Proponents of Modern Monetary Theory claim that bond sales are unnecessary and only help central banks set interest rates (which should be 0% anyway according to theory) and to provide safe interest-generating assets to investors. Yet according to the general principles of the theory, bond sales have a similar effect to taxation in removing money from the economy and keeping inflation under control. So I don't get why they claim issuing bonds is entirely pointless, it seems to me that they do add to a government's non-inflationay funding capacity. So what's the deal here?
Bill mitchell explains it pretty well in this link. For me the quickest answer is that paying interest on excess reserves achieves similar objectives as bond sales, more or less http://bilbo.economicoutlook.net/blog/?p=43017
I think there is some confusion over how Government spending operationally occurs. The below is a very high-level overview.
When monetarily-sovereign Governments spend on their priorities, they increase the level of bank reserves in the system. In order to make payments to their final recipient (i.e. the seller of their good, service or labour), the banks that hold these reserve accounts at the central bank increase the deposits held by these sellers with each bank to match the increase in reserves.
The result is a seller with increased financial assets (in the form of bank deposits), a commercial bank with both increased liabilities (the deposits it now owes the seller) and increased assets (the reserves that the central bank credited them with initially when the Government spent), and a Treasury which is debited by the amount spent (putting it in "overdraft").
Taxes reverse this process by draining both deposits and reserves.

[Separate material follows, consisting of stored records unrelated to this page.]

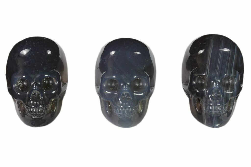 These are 1.5" long skulls made from blue agate from Brazil. The pictures are representative of the specimen(s) you will receive, so there may be some slight variation in shape and color.
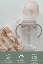 Noüka's meticulously crafted drinking range is a reliable companion for both parents and babies as they navigate this crucial milestone, ensuring more sips and fewer spills along the way! Begin the journey at birth with the 2-in-1 Bottle to Sippy Cup, featuring an interchangeable bottle nipple to silicone spout. Progress from Baby Bottle to Straw Sippy Cup at 4 months and beyond, continuing to support your baby's evolving drinking skills.
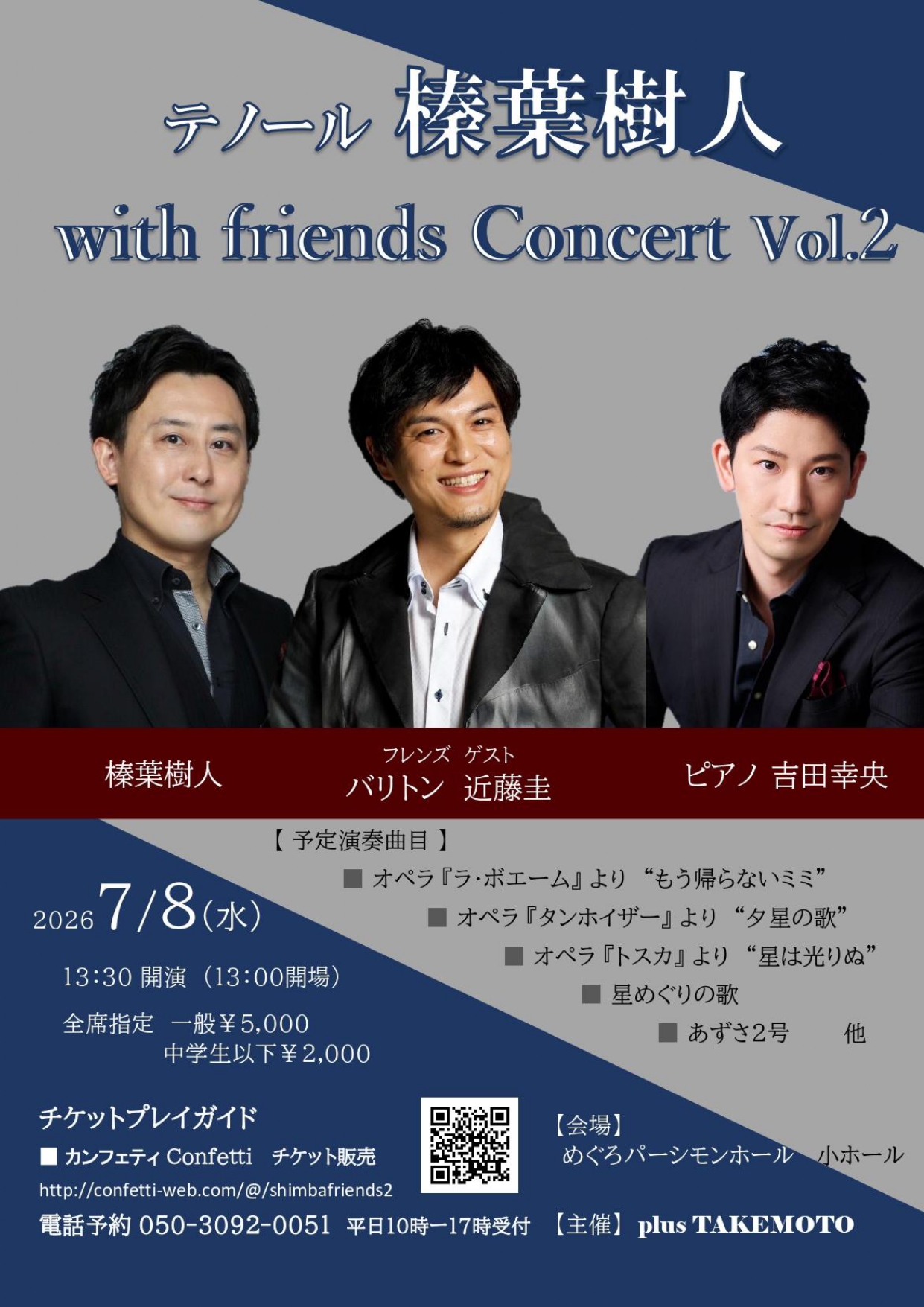 テノール榛葉樹人がお友達を招いてお届けするコンサートシリーズ。
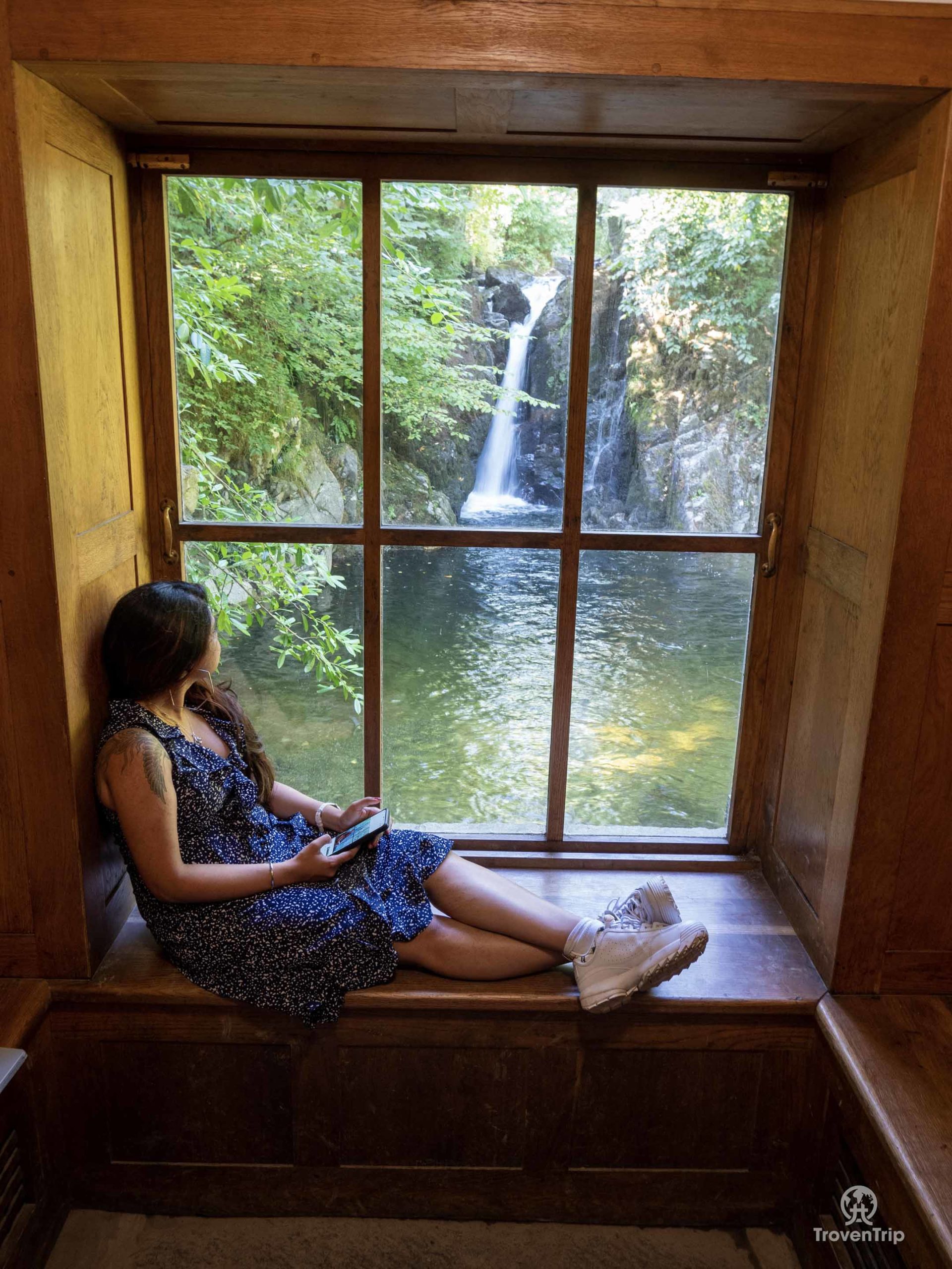 As you approach the Grot from the footpath you can’t see the waterfall, so when you open the door, it’s spectacularly framed by the large window on the back wall… a stunning view! And a great place to take our next set of shots!
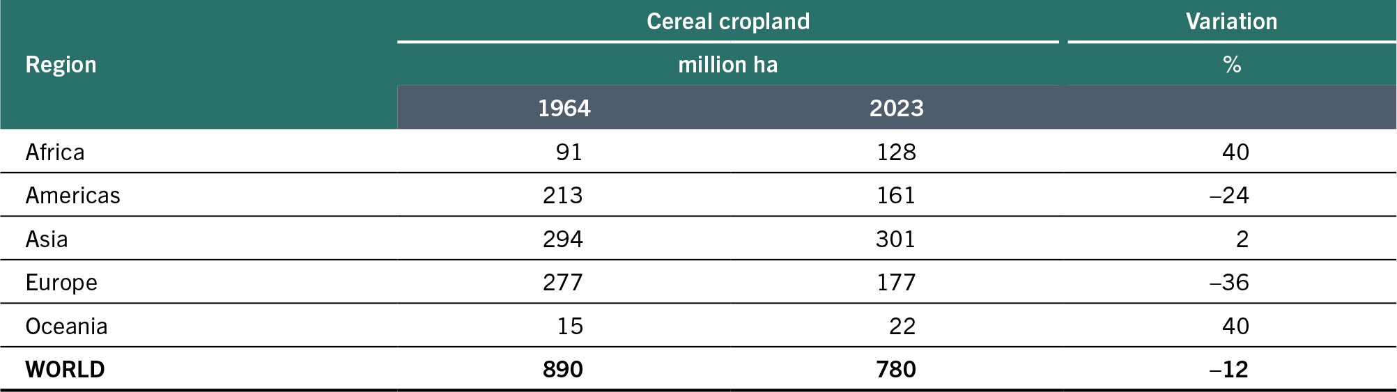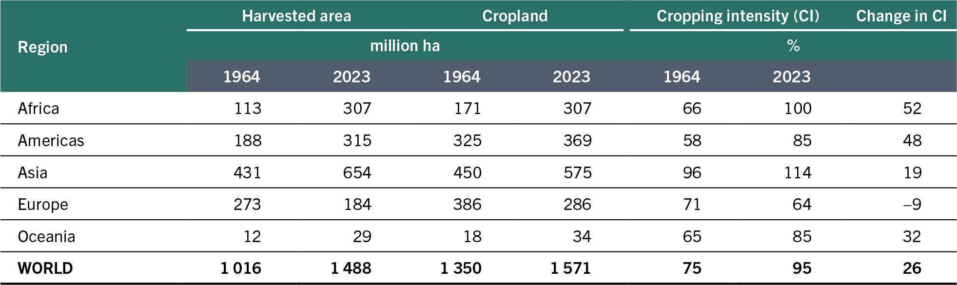 Data on cropping intensities per crop are not available at country level. Based on Table 2, and assuming the same cropping intensity for cereals, Table 3 provides an estimate of the change in extent of cereal cropland over the period 1964–2023.
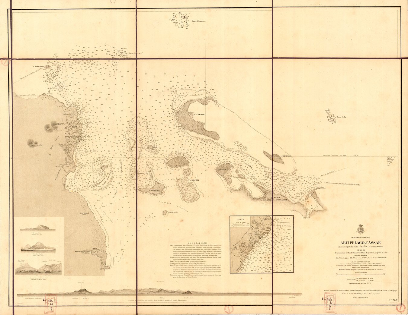 "Rilievi eseguiti dai Sotto T.ti di V.llo C. Marcacci, G. Boet 1880-82. Determinazione dei Banchi foranei e rettifiche alla posizione geografica di Assab eseguite nel 1886 dallo Stato Maggiore della R. Cannoniera Scilla, Comandante C. Mirabello."

However, if a Government runs a deficit and there are both excess deposits and excess reserves in the system, issuing Government bonds only mops up the excess reserves.

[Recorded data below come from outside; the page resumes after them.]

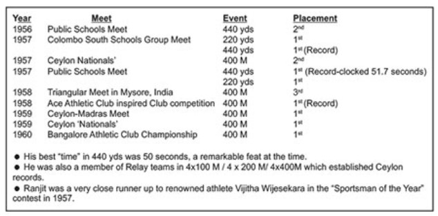 The triumphs of Wijeyesekere in the 50’s and 60’s were legion. I succeeded in obtaining a few of his achievements from various sources, despite the passage of over 50 years from the time he blazed the track. The following table captures some of his outstanding performances:
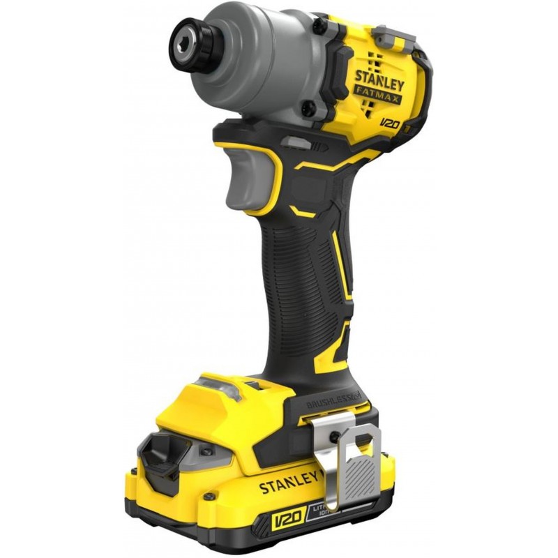 Stanley FatMax SFMCF830D2K-QW: 18V aku bezuhlíkový rázový utahovák 1/4" – 2× 2,0 Ah, nabíječka, kufr Rychloupínací držák nástrojů – pro rychlou a snadnou výměnu příslušenství Kovové pouzdr... Zobrazit celý popis »
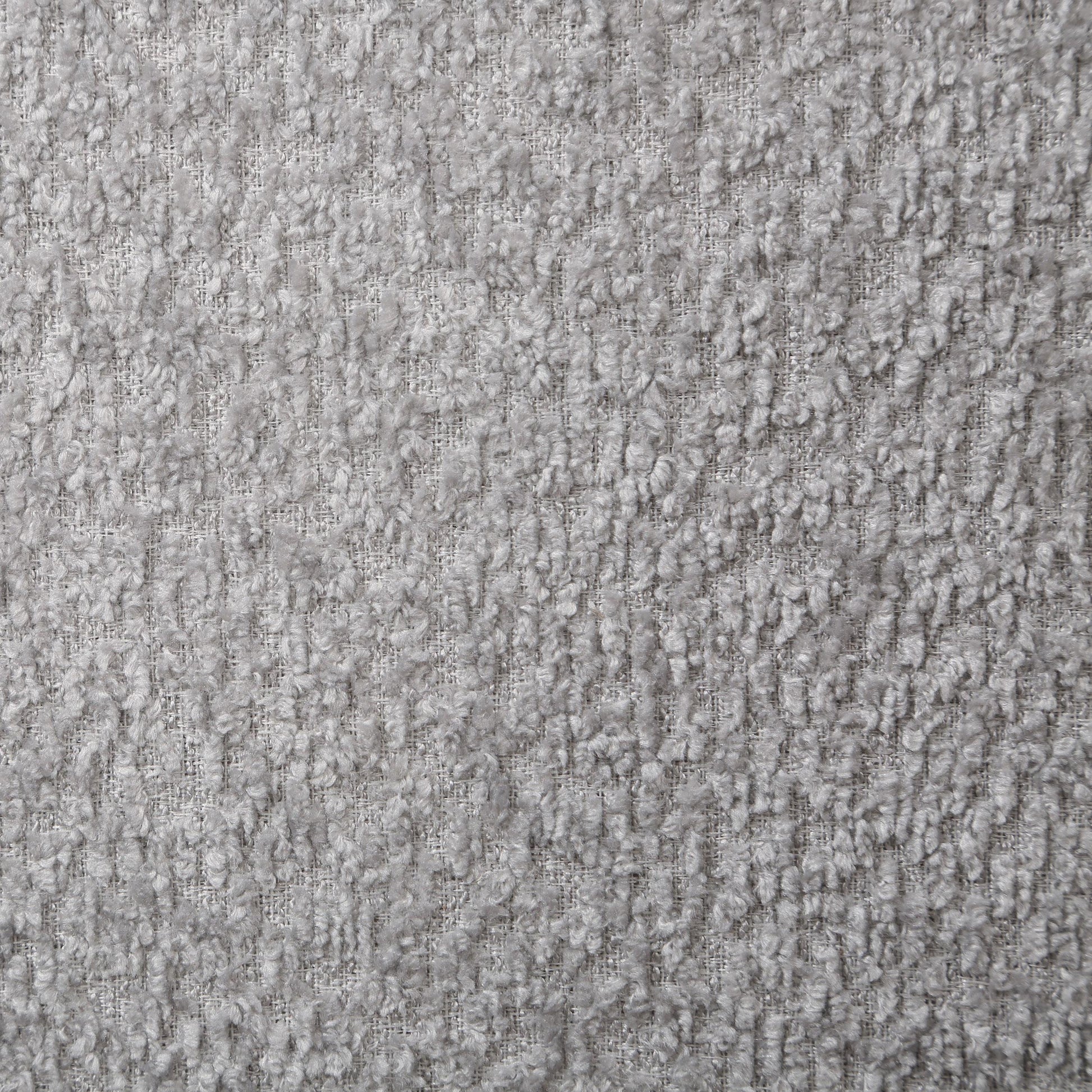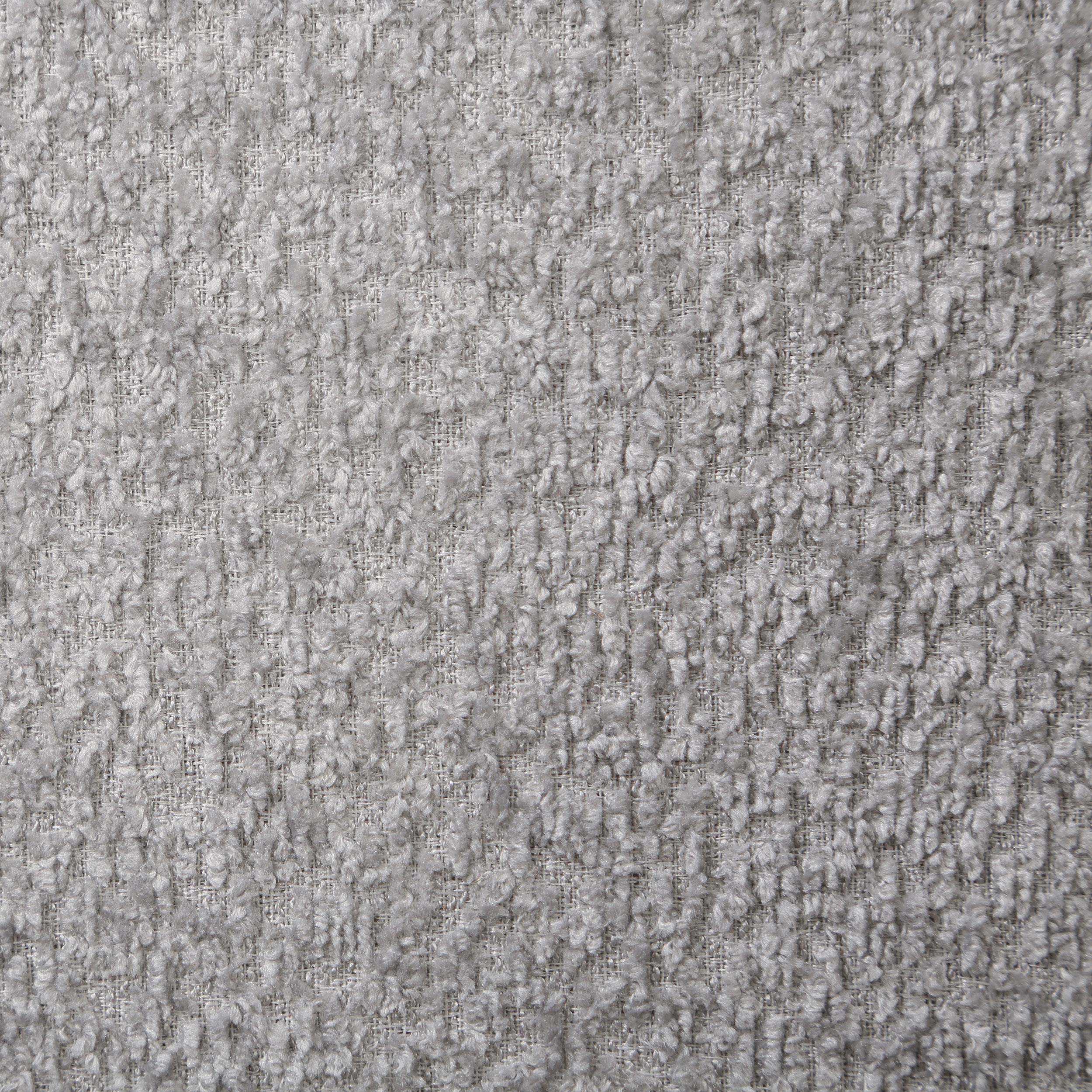- Soft grey boucle upholstery for a contemporary, inviting look

The additional deposits in bank accounts are still there and available for spending.
This is why issuing Government bonds is not to combat inflation but to address reserve liquidity and target a particular short-term interest rate (although there are questions as to the neccessity of this operation in high rate environments when debt interest represents a large transfer of financial assets from the bottom of the income distribution to the top).